24 and 26. That is, the purge pipe 32 may not be branched.

(9) In the first and second embodiments, the control valve 34 may be a valve capable of changing a valve open area, that is, may be, for example, a servo valve. In this case, the divergence may be a ratio of an open area to an open area of fully opened control valve 34.

(10) The evaporated fuel processing device 10 may not be provided with the canister 14.

The technical elements explained in the present description or drawings provide technical utility either independently or through various combinations. The present disclosure is not limited to the combinations described at the time the claims are filed. Further, the purpose of the examples illustrated by the present description or drawings is to satisfy multiple objectives simultaneously, and satisfying any one of those objectives gives technical utility to the present disclosure.

Claims

The invention claimed is:

1. A pump module mounted in an evaporated fuel processing device configured to perform a purge process in which evaporated fuel in a fuel tank is supplied to an intake passage of an engine through a purge passage, the pump module comprising:

a pump configured to pump the evaporated fuel in the purge passage to the intake passage; and

a pump controller configured to control drive of the pump,

wherein

the pump controller is configured to:

during the purge process, drive the pump at a rotational speed equal to or lower than a rotational speed threshold until when a predetermined period has elapsed from a start of the purge process; and

after the predetermined period has elapsed, drive the pump at a rotational speed equal to or higher than the rotational speed threshold,

the evaporated fuel processing device comprises a control valve disposed on the purge passage between the pump and the intake passage, and configured to switch between a closed state in which the purge passage is closed and an open state in which the purge passage is opened,

the control valve is configured to continuously switch between the closed state and the open state alternately during the purge process, and

the pump controller is configured to:

drive the pump at the rotational speed equal to or lower than the rotational speed threshold in a case where a divergence is equal to or less than a divergence threshold, the divergence indicating a ratio of a duration for one open state to a total duration for the one open state and one closed state that take place in succession to each other; and

drive the pump at the rotational speed equal to or higher than the rotational speed threshold in a case where the divergence is greater than the divergence threshold.

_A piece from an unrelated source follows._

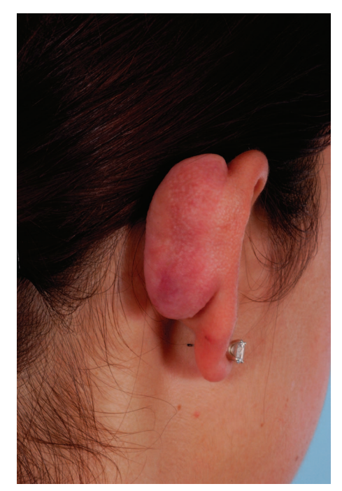
Fig. 4. Keloid on earlobe.

Why is the growth factor milieu in keloids abnormal? Three concepts address why the environment is altered.

2. The pump module as in claim 1, wherein

the pump controller is configured to control the rotational speed of the pump according to the divergence.

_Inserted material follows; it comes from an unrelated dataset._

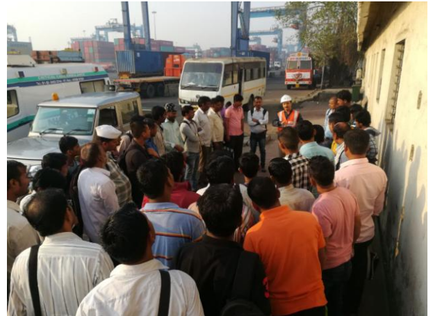
Toolbox talk with ITV drivers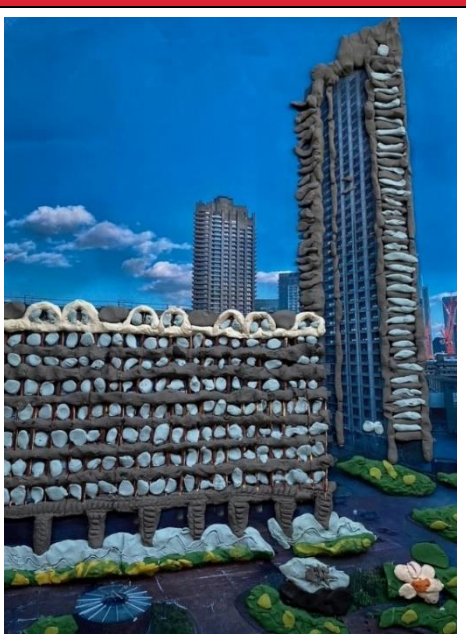
The View from my Window by Matteo mixed medium sculpture

3. An evaporated fuel processing device mounted in a vehicle, the evaporated fuel processing device comprising:

the pump module as in claim 1;

a canister configured to store evaporated fuel; and

a control valve disposed on the purge passage between the pump and the intake passage, and configured to switch between a closed state in which the purge passage is closed and an open state in which the purge passage is opened.

4. The evaporated fuel processing device as in claim 3, further comprising:

a controller configured to estimate an amount of gas supplied to the intake passage during the purge process according to the rotational speed of the pump.